Time-based visualizations up to 3 months are smooth. But the yearly view is slower, around 10s.

Initial query when displaying the dashboard with charts for the last hour:

Start of loading when switching to year on the 1st chart

End of loading

Query details

Temporal detail of the query

Following the 4.66.3 update, I confirm that I now take « only » 1s more for the yearly view and no difference is felt for the rest:

@pierre-gilles, feel free to tell me if you want more details

pierre-gilles · December 14, 2025, 9:51am

No need for pagination, we do sampling, we only return at most 300 rows per chart

I’ll take a look with this information, thanks for the detailed post!

pierre-gilles · December 14, 2025, 10:05am

Can you run tests on your database?

I’d like to see the result of this query:

SELECT
    TIME_BUCKET(INTERVAL ? MINUTES, created_at) AS created_at,
    AVG(value) AS value,
    MAX(value) AS max_value,
    MIN(value) AS min_value,
    SUM(value) AS sum_value,
    COUNT(value) AS count_value
FROM
    t_device_feature_state
WHERE device_feature_id = ?
AND created_at \u003e ?
GROUP BY 1
ORDER BY created_at;

You need to replace the ?:

Replace the first with 1752
Replace the second with the most complete device_feature_id you have
Replace the third with the date from one year ago, i.e. '2024-12-14T10:04:11.478Z'

If you want to compare, here’s the current query:

  WITH intervals AS (
        SELECT
            created_at,
            value,
            NTILE(300) OVER (ORDER BY created_at) AS interval
        FROM
            t_device_feature_state
        WHERE device_feature_id = ?
        AND created_at \u003e ?
    )
    SELECT
        MIN(created_at) AS created_at,
        AVG(value) AS value,
        MAX(value) AS max_value,
        MIN(value) AS min_value,
        SUM(value) AS sum_value,
        COUNT(value) AS count_value
    FROM
        intervals
    GROUP BY
        interval
    ORDER BY
        created_at;

Terdious · December 14, 2025, 10:59am

One question, why 1752? That makes buckets of 29h12??

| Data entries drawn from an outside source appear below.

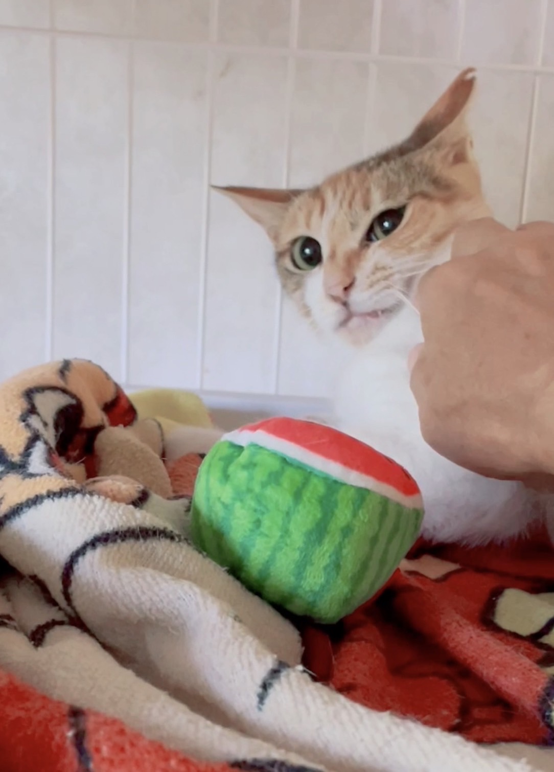 ナデナデが大好きで大人しく、抱っこ練習中です。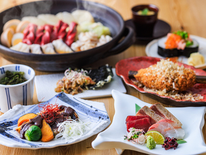 【名物】極上おでん、寒鰤の三保松原焼き、地魚盛り合わせ、十千焼き、黒はんぺんフライなど…名物料理と冬食材を使用した会席です。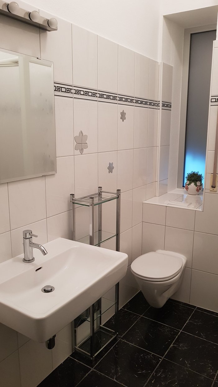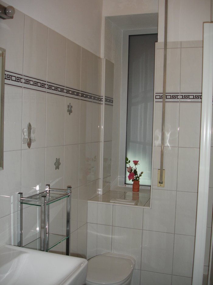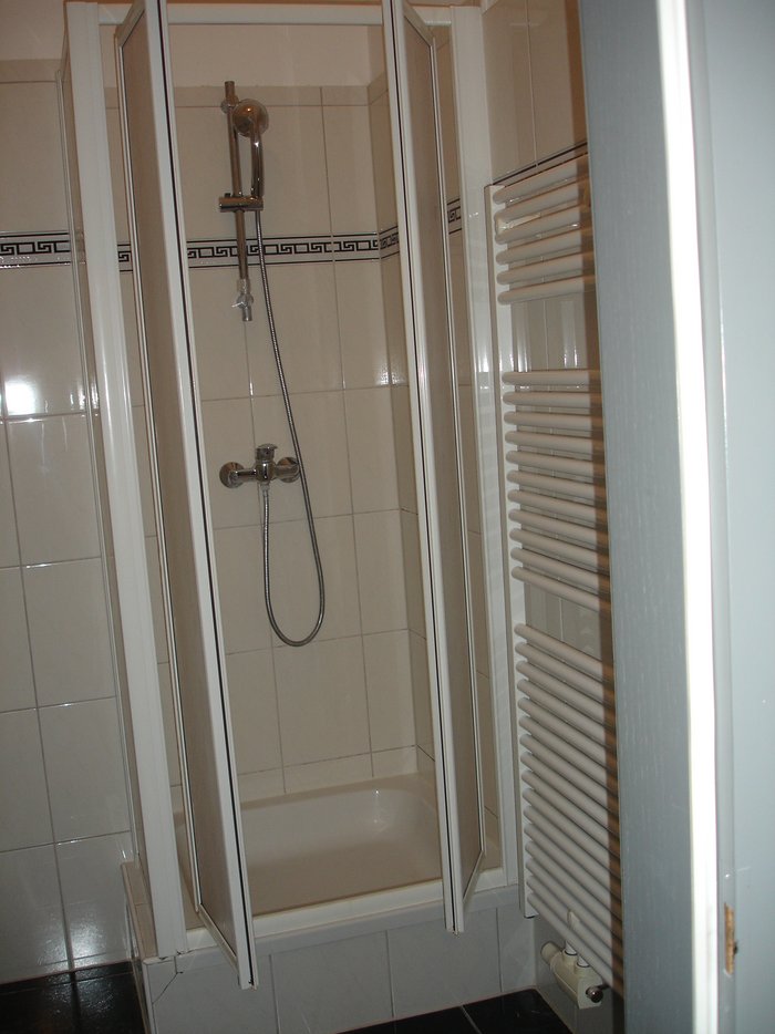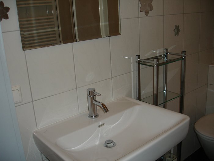 Im Schlafzimmer gibt es einen dreiteiligen Kasten , das Badezimmer ist voll ausgestattet ebenso die Küche mit Kühlschrank, E-Herd , Mikrowelle und Geschirrspüler.
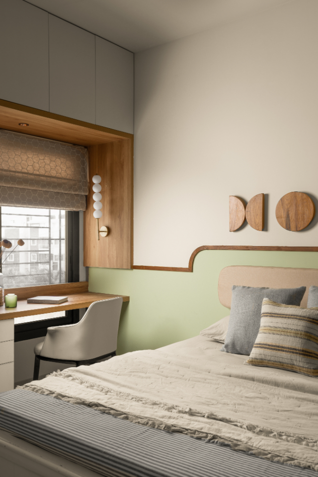 Design Language: Mint-green wainscoting introduces freshness against warm oak detailing. Circular motifs and curved trims lend a sense of ease and continuity, echoed in the mirror and wall art. The study nook by the window is framed in wood, adding structure and warmth.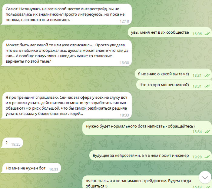 Далее вполне невинно и правдоподобно не понимает в чем суть, какой бот. Рассказывает что в разводе, что у нее мечта открыть ресторан. Сама вопросы задает. Легкий бла-бла ни о чем.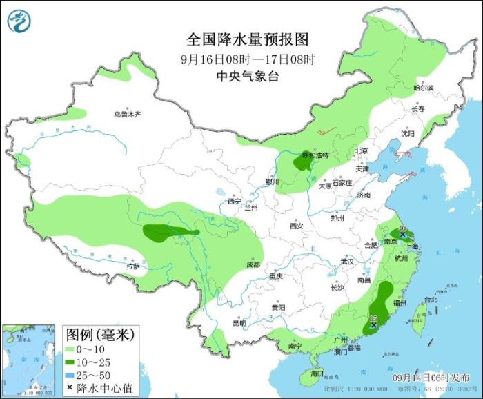 9月16日08時(shí)至17日08時(shí),內(nèi)蒙古東部和西部、黑龍江中西部、吉林西部、新疆北疆北部、西藏大部、西北地區(qū)中部、陜西北部、華北北部、江淮東部、江南中東部和南部、西南地區(qū)北部、四川盆地西北部、華南大部、臺(tái)灣島等地部分地區(qū)有小到中雨,其中,江蘇中南部、廣東東南部等地部分地區(qū)有大雨(25~40毫米)。內(nèi)蒙古中部、遼東半島、山東半島等地部分地區(qū)有4~5級(jí)風(fēng)。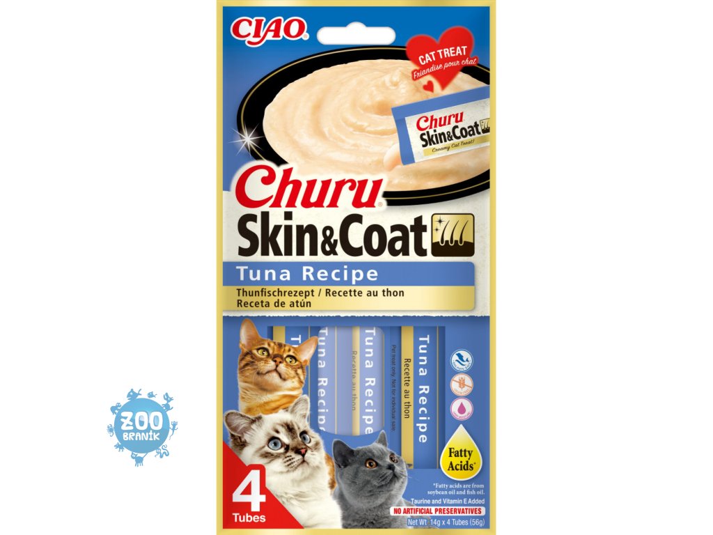 Churu cat masové pyré pro krásnou srst a kůži - tuňák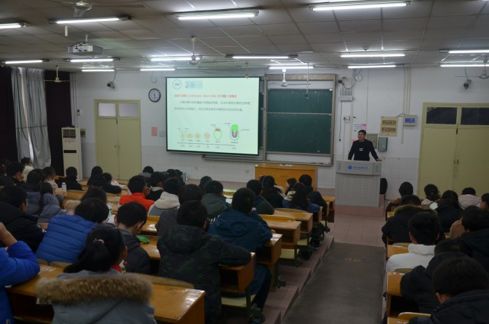 叶守东师从国际知名干细胞专家应其龙教授,一直从事相关领域研究并取得了丰富的研究成果。报告会上,他结合学术研究前沿和个人研究经历,为学生们介绍了干细胞的研究现状和应用前景,深入浅出地将专业研究转换成一个个生动的小故事,用丰富的内容带领学生充分感受专业研究的魅力。同时,他分享了在复旦大学和美国南加州大学学习、研究的经历,耐心回答现场学生问题,并激励学弟学妹们珍惜在校的学习时光,注重养成良好学习习惯,培养钻研精神,坚定专业理想和方向,争取在专业道路上远走越远、越走越宽。叶守东在科研上执着的精神和激励的话语,让在场学生倍受鼓舞,倍感温暖。

Otherwise, here are the results:

Aggregation by time bucket - TimeBucket Query

SELECT
    TIME_BUCKET(INTERVAL 1752 MINUTES, created_at) AS created_at,
    AVG(value) AS value,
    MAX(value) AS max_value,
    MIN(value) AS min_value,
    SUM(value) AS sum_value,
    COUNT(value) AS count_value
FROM
    t_device_feature_state
WHERE
    device_feature_id = 'e9079170-4654-4fad-b726-23a36c793905'
    AND created_at \u003e TIMESTAMP '2024-12-14 10:04:11.478'
GROUP BY 1
ORDER BY created_at;

Result

301 rows returned
Execution time ≈ 0.486 s
Fixed time buckets (~29h)

Quantile partitioning - NTILE(300) Query

WITH intervals AS (
    SELECT
        created_at,
        value,
        NTILE(300) OVER (ORDER BY created_at) AS interval
    FROM
        t_device_feature_state
    WHERE
        device_feature_id = 'e9079170-4654-4fad-b726-23a36c793905'
        AND created_at \u003e TIMESTAMP '2024-12-14 10:04:11.478'
)
SELECT
    MIN(created_at) AS created_at,
    AVG(value) AS value,
    MAX(value) AS max_value,
    MIN(value) AS min_value,
    SUM(value) AS sum_value,
    COUNT(value) AS count_value
FROM
    intervals
GROUP BY
    interval
ORDER BY
    created_at;

Result

300 rows returned
Execution time ≈ 0.370 s
Intervals balanced by number of points

pierre-gilles · December 14, 2025, 11:05am

Exactly! It’s 525600/300

However, the performance isn’t better, and both are actually pretty good performance-wise…

Also, in your graph, you have 10 features, so you have to multiply by 10, which explains your performance.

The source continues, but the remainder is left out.